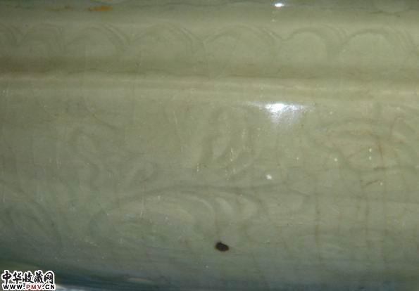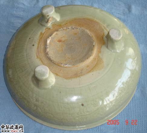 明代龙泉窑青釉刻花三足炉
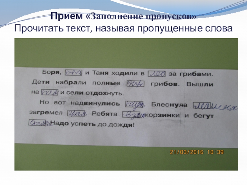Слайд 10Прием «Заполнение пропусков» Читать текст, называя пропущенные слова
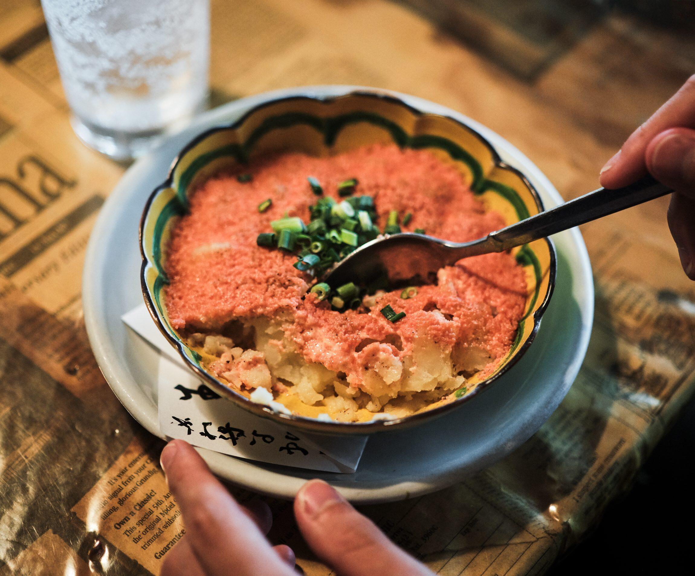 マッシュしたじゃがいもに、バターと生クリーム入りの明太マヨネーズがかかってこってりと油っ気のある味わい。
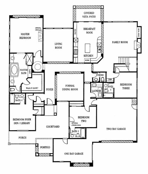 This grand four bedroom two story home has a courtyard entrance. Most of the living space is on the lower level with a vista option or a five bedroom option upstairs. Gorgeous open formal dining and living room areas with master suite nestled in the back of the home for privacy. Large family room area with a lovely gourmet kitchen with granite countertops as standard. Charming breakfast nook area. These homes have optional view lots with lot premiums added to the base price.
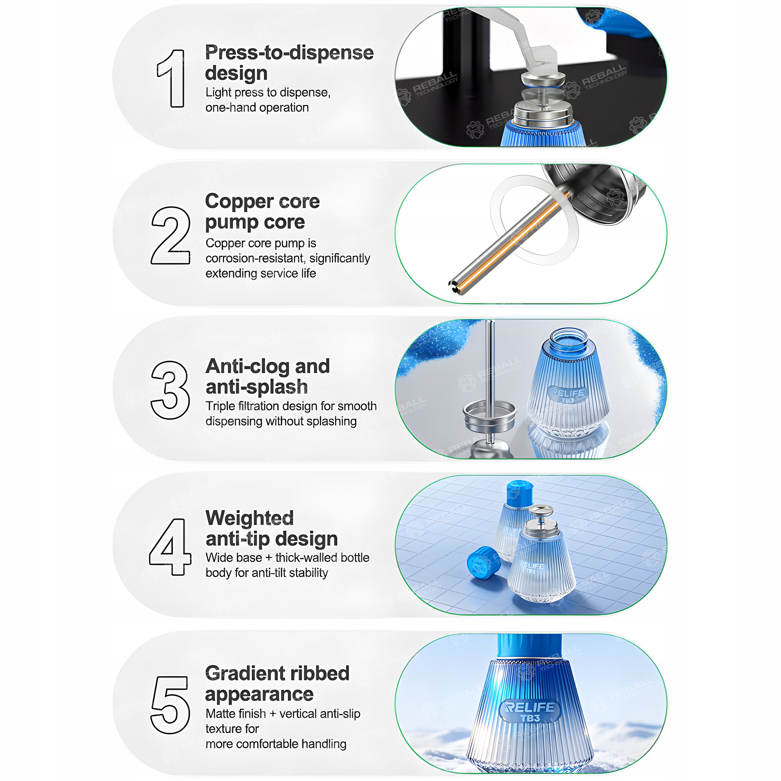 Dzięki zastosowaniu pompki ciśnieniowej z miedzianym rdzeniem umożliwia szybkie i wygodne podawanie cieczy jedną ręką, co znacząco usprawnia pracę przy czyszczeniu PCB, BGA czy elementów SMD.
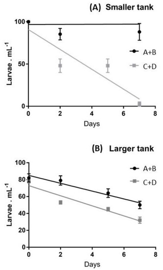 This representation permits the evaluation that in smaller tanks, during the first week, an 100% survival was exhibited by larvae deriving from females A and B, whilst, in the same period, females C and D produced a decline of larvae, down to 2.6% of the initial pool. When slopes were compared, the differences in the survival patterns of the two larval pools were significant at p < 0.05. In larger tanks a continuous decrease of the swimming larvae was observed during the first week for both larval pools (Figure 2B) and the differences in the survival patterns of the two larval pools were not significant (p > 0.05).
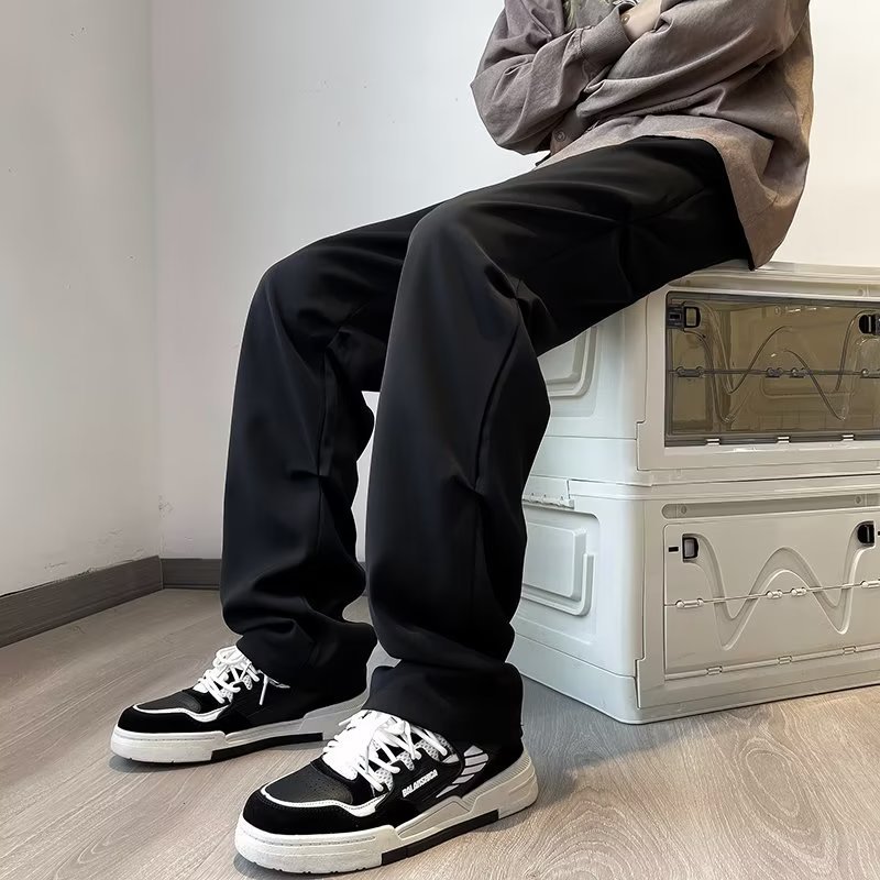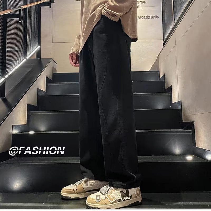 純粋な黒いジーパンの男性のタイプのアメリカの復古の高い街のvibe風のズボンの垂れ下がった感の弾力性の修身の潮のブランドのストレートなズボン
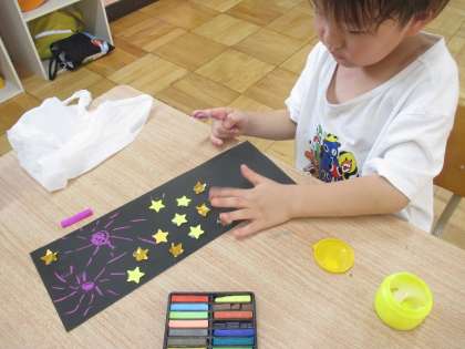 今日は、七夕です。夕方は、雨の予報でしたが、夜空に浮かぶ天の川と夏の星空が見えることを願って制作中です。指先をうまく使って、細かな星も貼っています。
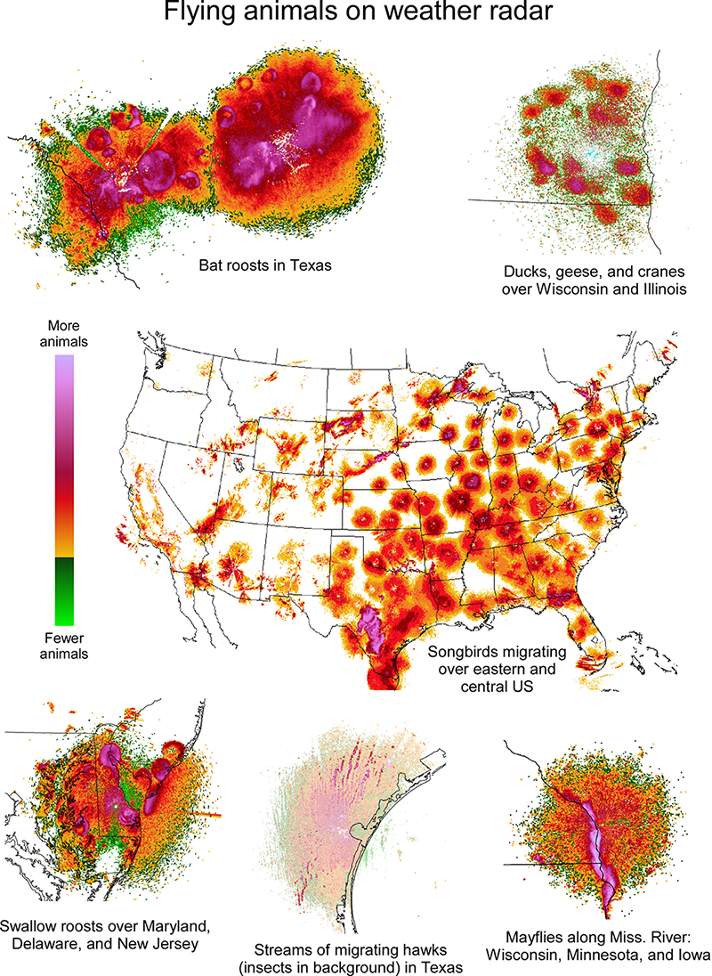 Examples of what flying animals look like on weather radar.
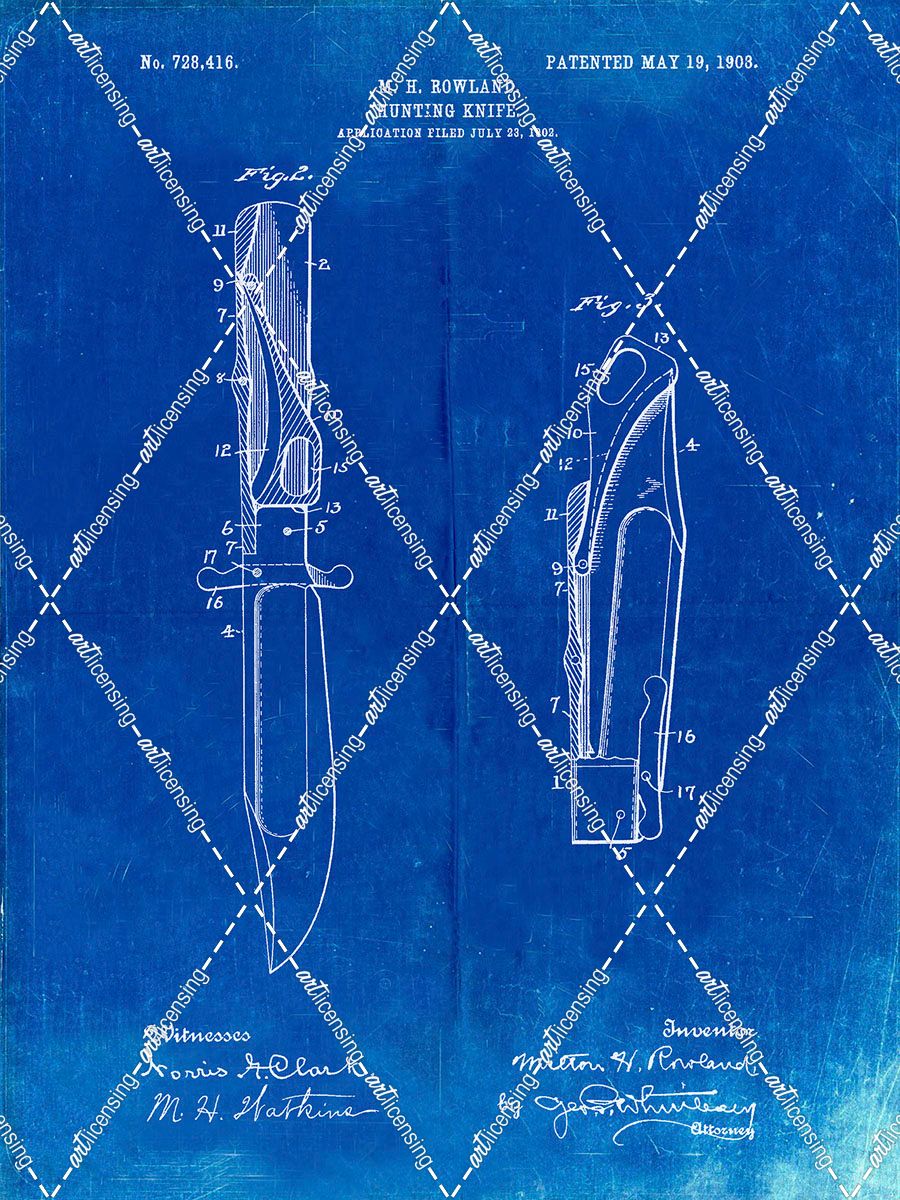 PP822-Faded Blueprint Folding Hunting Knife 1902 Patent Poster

* * *

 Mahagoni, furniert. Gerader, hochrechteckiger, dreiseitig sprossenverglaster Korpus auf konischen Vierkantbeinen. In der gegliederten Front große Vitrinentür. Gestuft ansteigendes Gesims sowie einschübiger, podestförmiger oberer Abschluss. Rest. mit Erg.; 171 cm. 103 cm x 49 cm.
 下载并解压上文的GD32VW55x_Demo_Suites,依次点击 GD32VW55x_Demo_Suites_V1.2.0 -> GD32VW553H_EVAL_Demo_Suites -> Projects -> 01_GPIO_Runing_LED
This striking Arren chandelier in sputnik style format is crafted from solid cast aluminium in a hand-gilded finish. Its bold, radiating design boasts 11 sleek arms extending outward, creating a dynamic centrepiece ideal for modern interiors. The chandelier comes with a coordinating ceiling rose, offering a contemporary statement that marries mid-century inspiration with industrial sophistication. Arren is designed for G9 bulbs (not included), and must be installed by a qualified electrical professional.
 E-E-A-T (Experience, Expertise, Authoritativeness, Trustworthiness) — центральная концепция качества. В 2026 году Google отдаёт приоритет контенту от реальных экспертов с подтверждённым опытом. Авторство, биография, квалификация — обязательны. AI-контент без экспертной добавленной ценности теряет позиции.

--

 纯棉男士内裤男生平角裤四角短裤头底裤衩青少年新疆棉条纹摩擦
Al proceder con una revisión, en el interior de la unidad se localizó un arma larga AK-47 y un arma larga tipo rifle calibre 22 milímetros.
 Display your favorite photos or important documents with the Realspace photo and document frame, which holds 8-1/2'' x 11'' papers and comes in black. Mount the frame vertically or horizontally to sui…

Work task: Based on the entries above, give the number of lines with the string "comes" and no further text.

Solution below: 2